2017-07-20 / Front Page

Newport to Upgrade Surveillance Cameras

By Olga Enger

The Newport City Council approved a major upgrade to the city’s video surveillance system that will assist the Newport Police Department in monitoring activities inside the station and in the busiest areas of the city. At the July 12 council meeting, city council unanimously approved two resolutions to upgrade cameras and the police department’s video system for a total cost of $368,000.

Newport has cameras at 11 locations today, but only one is operable, which is located near the Newport Police station. That camera has the potential to reach City Hall to the south and Dunkin’ Donuts to the north. As part of the approved project, ATG Group of Providence will install 25 cameras throughout the city, including the replacement of the existing 11 cameras. ATG will be paid $236,000 for the camera installation, and Toner Electric of Middletown will install electrical connections for a cost of $6,490.

When the existing cameras were installed in 2004, the city did not have fiber optic technology available, which will be utilized in the new system to transmit the signal to City Hall for storage and the police department for monitoring.

“Who will be monitoring what we see on these screens from the cameras?” asked Councilor Kathryn Leonard at the meeting.

Police Chief Gary Silva told council the police department would be responsible for monitoring all footage from the cameras, which will be conducted by the officer assigned to the desk.

“It will be centrally located. It will be manned 24 hours a day,” Silva said.

Councilor Bova asked how long the files will be stored.

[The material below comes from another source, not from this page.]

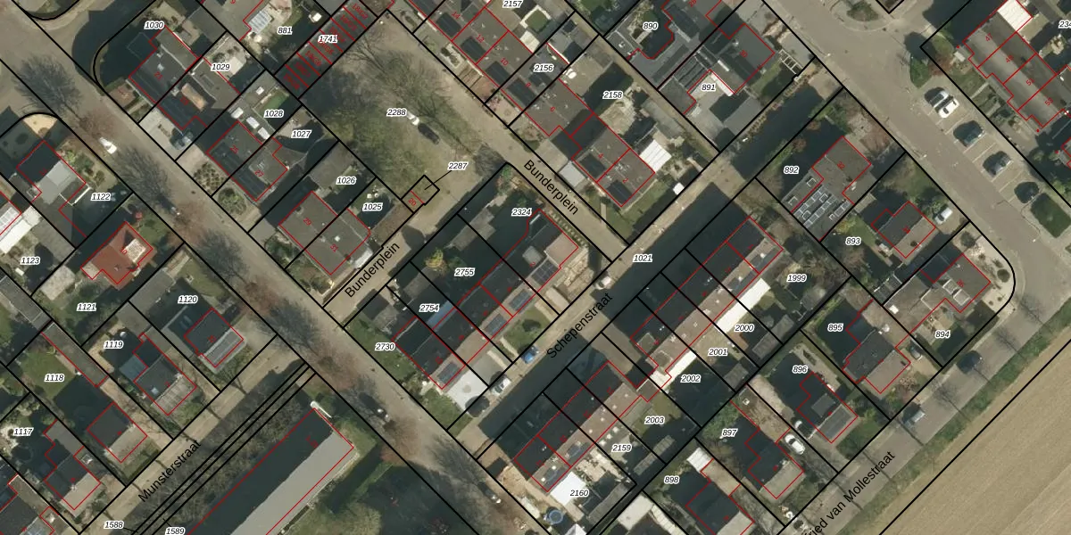 Schepenstraat 2 is gelegen op kadastraal perceel MSG00C2324. Deze kadastrale aanduiding is uniek en wordt gebruikt door het Kadaster om eigendomsrechten en andere zakelijke rechten vast te leggen. Het perceel maakt onderdeel uit van de kadastrale gemeente Munstergeleen.

“The equipment is on site,” responded James O'Halloran, the city’s technology director. “It will be stored for 30 days and then it will be automatically deleted.”

The police department said the cameras both deter criminals from committing a crime and allow officers to investigate crimes efficiently. The result will be a safer community and a better quality of life for residents, police claim.

“The cameras will assist dispatchers and provide the ability to give officers in the field real-time information on calls for service and allow an accurate description of suspects to be broadcast to officers, thereby resulting in an increase in the solvability of crimes,” reads the resolution.

As a separate resolution, council approved a $125,000 contract with ATG to update the existing analog CCTV system at the police department to a digital video system. The current system is 20 years old and is outdated and inadequate, claim officials.

“Video capability within the police station is vital in order to monitor members of the public or property placed within the care, custody or control of the police department,” reads the resolution. “Additionally, two interview rooms with stand-alone audio/video capabilities in the detective division of the Newport police station are necessary to meet the state requirements for capital offense interviews.”

Three companies responded to the request for proposals, and the ATG bid was midpoint. Councilor Leonard asked why the city did not select the lowest bid of $72,000 from Dane Tech Inc. of Cranston.

“The quality of the product. It’s Chinese-made and has a poor reputation,” O'Halloran said.

Councilor Jeanne Marie Napolitano acknowledged the police department for putting the proposals together.

“This has been 20 years in the making,” Napolitano said. “I want to commend the police department for putting this in. It’s important for the safety of the residents. It’s something that has come up time and time and time again.”